→ **Problem description**: Set down, word for word, every line of the material below from the one containing "注:代征土地在今后征地补偿安置政策未调整情况下被批准征收占用,不再作其他补偿。" through the one containing "14.将图层1和图层1副本两个图层合并为图层1。如图14所示。", but none of its pictures.

→ **Records for the exercise**:
*** Block opens ***

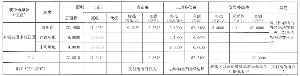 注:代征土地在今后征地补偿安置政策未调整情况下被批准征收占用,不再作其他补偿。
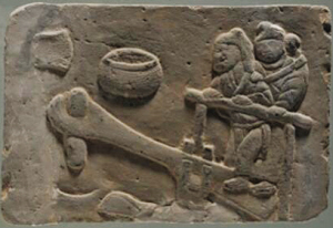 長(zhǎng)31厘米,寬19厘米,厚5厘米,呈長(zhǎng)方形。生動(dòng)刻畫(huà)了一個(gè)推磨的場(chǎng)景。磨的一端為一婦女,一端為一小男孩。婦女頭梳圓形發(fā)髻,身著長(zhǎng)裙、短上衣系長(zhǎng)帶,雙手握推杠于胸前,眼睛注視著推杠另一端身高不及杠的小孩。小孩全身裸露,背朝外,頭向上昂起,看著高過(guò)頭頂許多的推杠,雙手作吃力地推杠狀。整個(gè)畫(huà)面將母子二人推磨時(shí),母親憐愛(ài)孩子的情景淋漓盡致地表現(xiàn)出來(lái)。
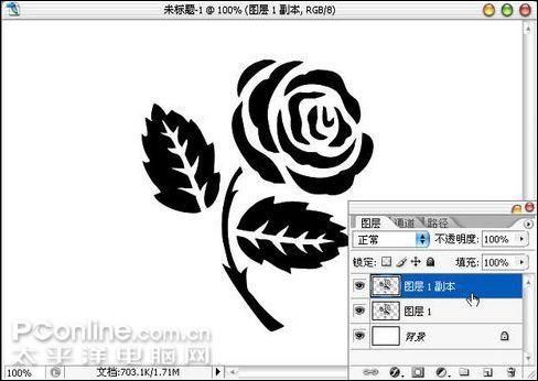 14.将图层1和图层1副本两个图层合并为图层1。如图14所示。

*** Block closes ***
*** Block opens ***

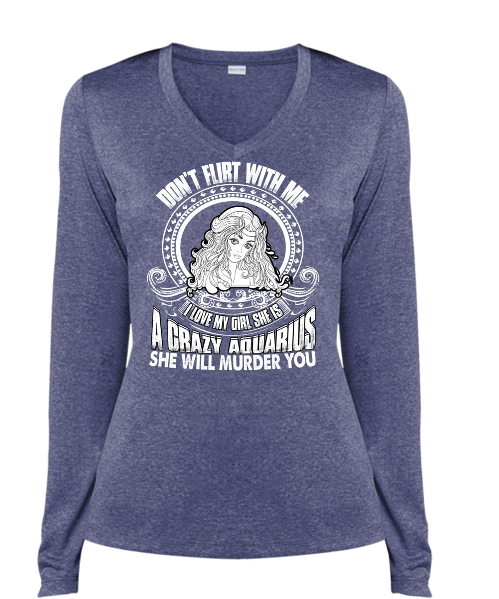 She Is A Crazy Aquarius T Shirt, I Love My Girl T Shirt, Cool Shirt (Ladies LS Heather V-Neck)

*** Block closes ***

→ **Task solution**:
 注:代征土地在今后征地补偿安置政策未调整情况下被批准征收占用,不再作其他补偿。
 長(zhǎng)31厘米,寬19厘米,厚5厘米,呈長(zhǎng)方形。生動(dòng)刻畫(huà)了一個(gè)推磨的場(chǎng)景。磨的一端為一婦女,一端為一小男孩。婦女頭梳圓形發(fā)髻,身著長(zhǎng)裙、短上衣系長(zhǎng)帶,雙手握推杠于胸前,眼睛注視著推杠另一端身高不及杠的小孩。小孩全身裸露,背朝外,頭向上昂起,看著高過(guò)頭頂許多的推杠,雙手作吃力地推杠狀。整個(gè)畫(huà)面將母子二人推磨時(shí),母親憐愛(ài)孩子的情景淋漓盡致地表現(xiàn)出來(lái)。
 14.将图层1和图层1副本两个图层合并为图层1。如图14所示。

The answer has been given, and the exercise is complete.